Now of course being horrible to one another is not always intended. Sometimes it is just a misunderstanding. Nevertheless, the question in is, “Should we allow the hurt that has been caused to wreck our lives, or should we learn to move on?”
Now I am not suggesting that we ignore the abuse, or whatever it is that we have faced. Far from it. But I am suggesting that we shouldn’t use that abuse to inflict more damage on ourselves than is absolutely necessary. After all, our abuser may be responsible for his/her actions. But it is up to us to whether we dig up the past, and keep opening old wounds, or whether we learn to move on.
Of course, that may be easier said than done. But the sad thing is that so many people today have not learned to move on. Furthermore, some people just don’t seem to want to. Some are continually dragging up the past; some are continually compounding the original problem that was caused by someone else. It’s like Lot’s wife, who looked back at Sodom, yearning for a life that was lost but was full of corruption.
Now some people hang on to their pain, because it’s all that they know. But as a consequence, one could easily ask, “Is their current situation the direct result of the abuse, or is it the consequence of being unwilling to let go?”
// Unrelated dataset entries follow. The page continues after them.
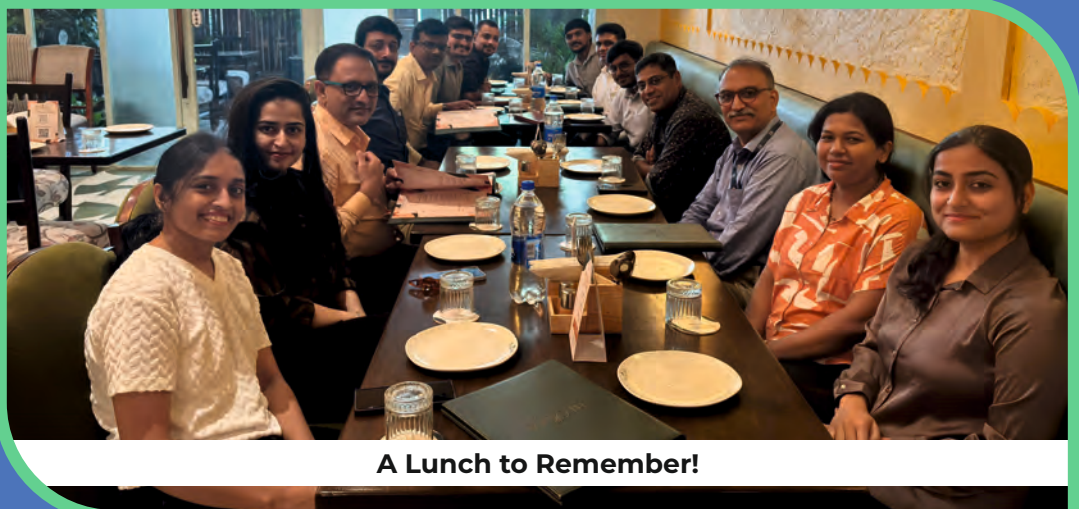
A Lunch to Remember!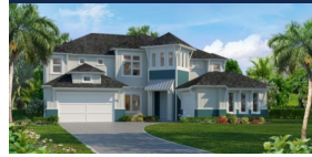
THE TRANSITIONAL COASTAL - CR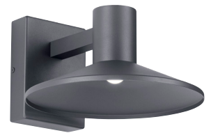
ASH 10 shown in charcoal/clear lens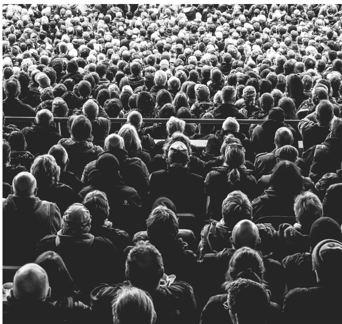
Your audience waiting to be inspired and influenced.

Our communications also need to reach and mobilise more people. Because more people means more power. We each have a voice and the power to shift public discourse, we can all influence others in some way. Through this module you will learn our core concepts to create meaningful communications. You will be able to explain who we are, why human rights matter and inspire more people to get involved.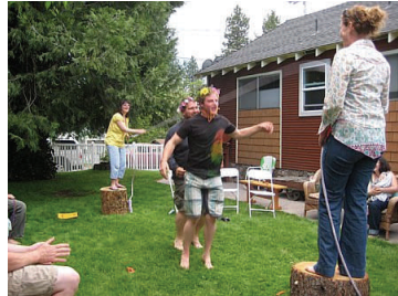
There was "stump tug-of-war" and "sobriety jump roping."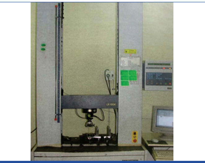
[Table/Fig-3]: Sample mounted on the LLOYD Universal testing machine.

An Instron testing machine with a 10 N tension load cell, calibrated, that allowed the sliding of a bracket along the orthodontic wire was used in the study. The frictional forces generated were measured at room temperature in dry conditions. The acrylic sheets with the bracket and wire were attached to the crosshead of the testing machine [Table/Fig-3]. The archwire was drawn through the bracket under tension to a distance of 1.25 mm with a constant crosshead speed of 1 mm/minute [18]. The recorded frictional resistance values that were obtained in Newton were converted to grams.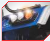
LED tail light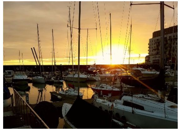
Ryan's sunset picture

Wow, November sure provided us with some weather to remember.... Stormy seas and beautiful sunsets. The last two weekends have been too stormy for racing... hoping for fair winds and good waves this weekend so we can get on with our Winter series.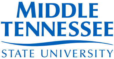
one-color version: Pantone Matching System (PMS 300)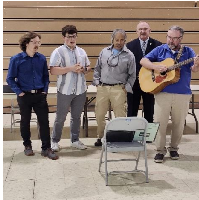
Cursillistas having fun at a Growlers Game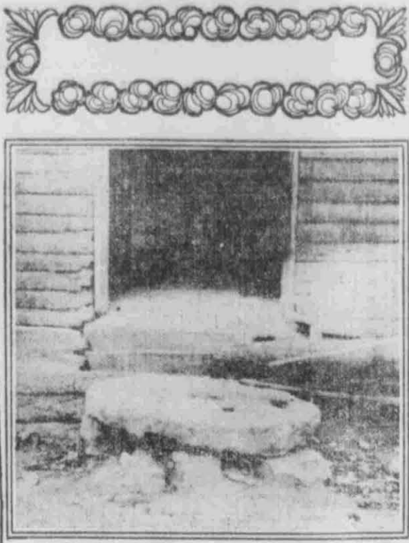
THE OLD MILLSTONE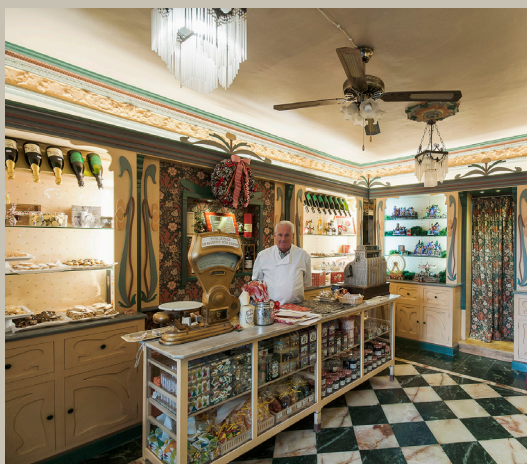
Traditional confectionery shop in Jaca.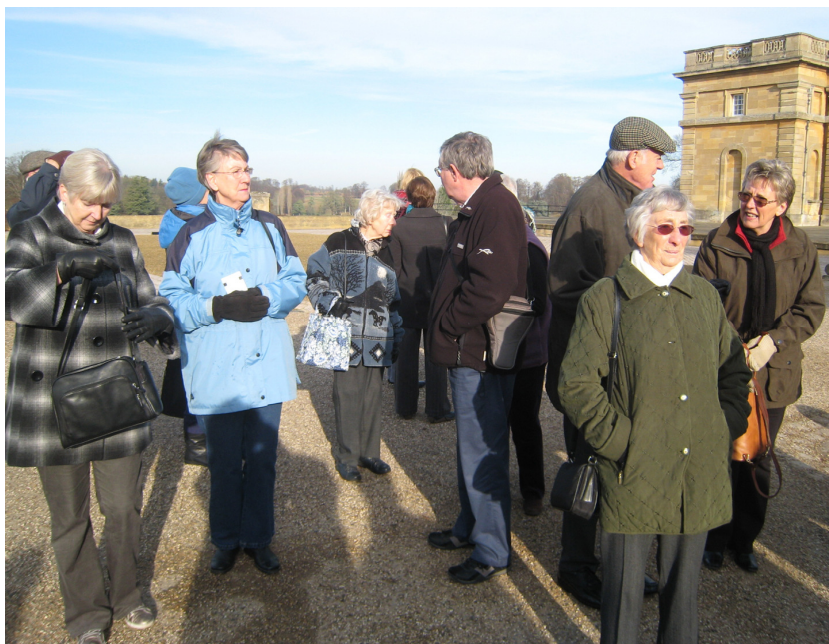
All dressed for the cold on the visit to Blenheim Palace

Now there is very important biblical principle in regard to being a victim of someone else’s abuse, etc… And the principle relates to the need to forgive. Indeed the whole bible is about the need for forgiveness—the need for us to be forgiven by God, and the need for us to forgive others. Yet whilst the need for forgiveness is the crux of the gospel, so many people today have not sought forgiveness from God, and so many continue to refuse to forgive others.
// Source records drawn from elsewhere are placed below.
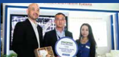
SHANGHAI ONLYTEC INDUSTRY CO., LTD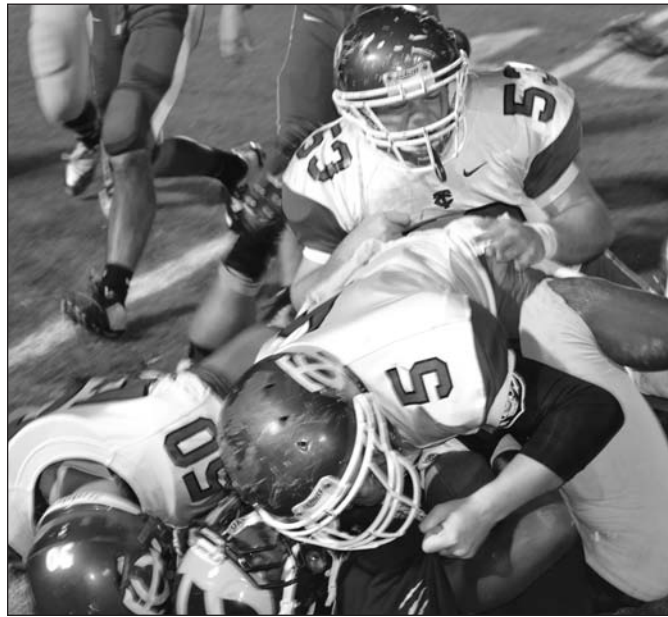
The Indians defense swarms a Prince ball carrier.

The next 13 minutes were all Towns County's, as the Indians ate up the clock driving the ball from their own 13-yard line in for a score. In 17 plays, the Indians came up with six first downs and another score off a quarterback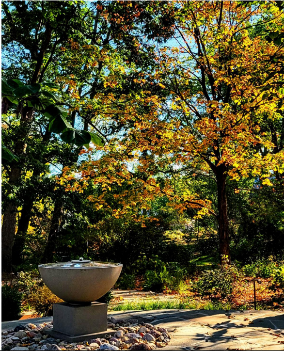
Fall colors on the property of Community of the Transfiguration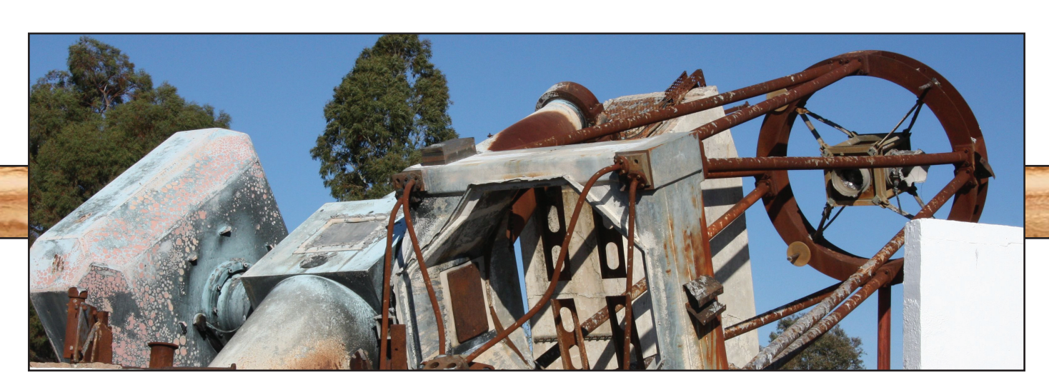
The damaged GMT at Mt. Stromlo. Note the absence of the dome.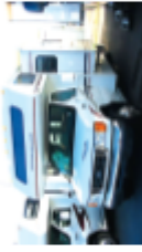
'05 MINNE 29'

MSRP .....$84,171 SALE PRICE .....$62,862 YOU SAVE .....$21,309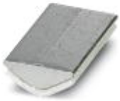
Insertion profile, Color: silver

So, despite the initial offence, many people are suffering more now because of the result of unforgiveness than they were for the original offence. The original offence may have lasted but a moment, but their failure to deal with it has resulted in a lifetime of suffering.
And that is probably one of the reasons why Jesus put such emphasis on the need for forgiveness. It is also probably why the Apostle Paul taught that we shouldn’t even let the sun go down on our anger.
Dragging the past along—the lack of forgiveness—tends to blow situations well out of proportion. Minor disputes become major ones; individual disputes become problems of families and nations. Indeed, it is easy for situations to escalate and get out of control. Which is why dealing with past, and moving on, is so important. And it is something that I’ve had to learn to do in my own life too.
Now for those who don’t know me, I have a very low tolerance for people who do the wrong thing. I have also had many disputes with a range of people and organisations for not doing what they promised, for doing the wrong thing, etc., etc… There have also been misunderstandings, family disputes etc. Yet, whilst I believe that bringing people to account is important, I also believe that a line has to be drawn somewhere. Because if it’s not, then I am the one who will suffer for the subsequent damage that is caused.
Of course, that sometimes means letting go, even letting others get away with things that they shouldn’t, etc… But I believe that is the price that sometimes needs to be paid. It’s certainly better than living a totally wrecked life, because of an inability to move on from a problem that someone else caused.
From a biblical point of view, then, forgiveness is the ideal. Nevertheless, the reality may not necessarily be so straight forward. Any attempt, if appropriate, to resolve a dispute with the original perpetrator may fall on death ears. But in that case, all we can do is to do our bit and be content with that, no matter how unsatisfactory the result. Because in the end, no whatever the other person does, we need to learn to move on.